铁锈和鱼腥味,就是我这三年的味道。湿冷的风从卷帘门的豁口灌进来,
吹得挂在墙上的塑料袋哗哗作响,像无数只手在鼓掌,嘲笑着我这个废物。「老板,
这黄鱼怎么卖?」一个声音。很沉,像是从深海里传来的。我抬起头,从氤氲的鱼腥气里,
看到一个男人。他很高,穿着一身与这破败菜市场格格不入的黑色中山装,
料子在昏暗的灯光下泛着一种奇特的、类似鳞片的光泽。他的眼睛,是深不见底的金色。
我没有立刻回答,只是用残废的右手拇指,摩挲了一下左手手腕上那道狰狞的疤痕。
那里曾是我引以为傲的“神之手”,能分辨出食材最细微的差别,
如今只剩下在阴雨天隐隐作痛的记忆。「三十五一斤,不讲价。」我吐出一口白气,
声音嘶哑。这是实话。我的鱼,比别家贵五块,但绝对是最新鲜的。
这是我仅剩的、可笑的尊严。男人似乎愣了一下,那双金色的眸子在我身上停留了片刻。
他看的不是我的脸,而是我的手。
那只曾经能颠勺、能雕花、能让最顶级的食材绽放出灵魂的手。我下意识地把手缩回袖子里。
三年前,我也是站在云端的人。林家的上门女婿,名震东海市的青年厨神。

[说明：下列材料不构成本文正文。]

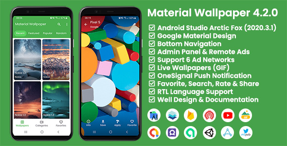 Material Wallpaper v4.2.0 - Android Studio Arctic Fox | 2020.3.1 Patch 2 - Update Gradle 7.0 - Migrate jCenter to mavenCentral - Min SDK version 21 (Lollipop) - Add New Ad Networks option (AppLovin's MAX & Mopub) - Audience Network Open Bidding (AdMob, AppLovin's MAX or Mopub) as Mediation Partner - Fix Wallpaper not saved / shared on Android 11 or above Material Wallpaper v4.1.0 - Build in latest Android Studio 4.1.3 - Fix false display category name when click wallpaper notification - Add Category search - Always display Native Ads in full width in the grid wallpaper - Add Native Ads in wallpaper slider - Add App Open Ads (AdMob Only) - Simple UI Mode (Homescreen without Scrolled Tab) - Add option to change Category as main screen - Bulk delete wallpapers in the admin panel - In-App Review - Custom font - Fix API access issues on VPS or Nginx servers that are not directly supported with .htacces Material Wallpaper v4.0.0 - Build in latest Android Studio 4.1.1 - Update Gradle 6.5 - Update targetSdkVersion 30 - Update minSdkVersion 19 - UI/UX Design Improvement - Bottom Navigation - Dark Mode Added - Live Wallpaper support (GIF format) - Using Retrofit instead of Volley for API Requests - Supports 4 Option Ad Network (AdMob, FAN, StartApp, Unity Ads) - Ad Network is managed from admin panel (Remote Ads) - Replace AdMob smart banner to adaptive banner - Shimmer Effect on Refresh - Improved display in RTL mode - Purchase Code verification Improvement - Fix minor bugs Material Wallpaper v3.1.0 - Build in latest Android Studio 3.5.0 - Update to latest Gradle Tools and Library - Update targetSdkVersion 29 - Migrate to AndroidX - Multidex Enabled - Set Wallpaper with other apps (Optional) - Fix the privacy policy form that doesn't appear in the admin panel settings menu. Material Wallpaper v3.0.0 - Build in latest Android Studio 3.4.2 - Update to latest Gradle Tools and Library - Update HTTP URL for APIs Connection to Volley Library - Set Wallpaper as Home Screen, Lock Screen or Both - Add Featured, Popular & Random Wallpaper - Add Wallpaper View Count & Download Count - Add Load More Pagination - Add Search Menu - Add Wallpaper Tags - Add Wallpaper from External URL - Fix Bugs and Performance Improvement Material Wallpaper v2.5.0 - Build in latest Android Studio 3.2.1 - Update to latest Gradle Tools and Library - Update to latest AdMob library - Update targetSdkVersion 28 - Bring back OneSignal Push Notification - Push Notification can be sent from Admin Panel directly - Push Notification have ability to open url Material Wallpaper v2.4.0 New Features and Improvement - Build in latest Android Studio 3.1.3 - Update to latest Gradle Tools and Library - Update targetSdkVersion 27 - Update ListView to RecyclerView - Update Json API - Material Design UI Improvement - Admin Panel UI Improvement - Comply with GDPR Policy for EEA (European Economic Area) country - Interstitial Ad Interval - Add Tab Layout - Add dialog when close the app - Zoom Wallpaper in detail wallpaper - Fix NullPointerException - Fix crash app on share menu on Android O - Fix bugs and performance improvement Removed Features : - Eclipse Project Removed (Deprecated) - Onesignal Removed - Slideshow Removed Material Wallpaper v2.1.2 - Build in latest version of Android Studio and Eclipse - Update additional libraries to the latest version - Add File Access Permission on Android Marshmallow 6.0 or higher - Firebase Push Notification (Android Studio) - Firebase Analytics (Android Studio) - OneSignal Push Notification (Eclipse) - Floating Action Button on wallpaper gallery - Redesign Admin Panel Dashboard with Material Design UI - Fix bugs and performance improvement Material Wallpaper v2.0.0 - Build in latest Android Studio and Eclipse - Update additional libraries to the latest version - Add compatibility on Android Marshmallow 6.0 - Google Analytics is Available Now - Add New Settings Menu in Android App - Fix showing images on gallery when save wallpaper - Navigation Drawer with Header Image - Improvement thumbnail image quality - New Application Logo - Migrate Push Notification from Parse to GCM - Send Push Notification directly from Admin Panel Material Wallpaper v1.2.0 - Bulk Image Upload Now Available - Eclipse Project Version Now Available - Easy Enable or Disable AdMob - Placing AdMob according new Google AdMob Policy Recommendation

我妻子林初雪,
是全城男人都想得到的白月光。她喜欢我做的菜,她说我的手是艺术品。直到那场“意外”,
一场精心策划的厨房火灾,废了我这只手,也让我被林家像垃圾一样扫地出门。「你这鱼,
有海的味道。」男人没有计较价格,反而说了一句没头没脑的话。我扯了扯嘴角,算是笑了。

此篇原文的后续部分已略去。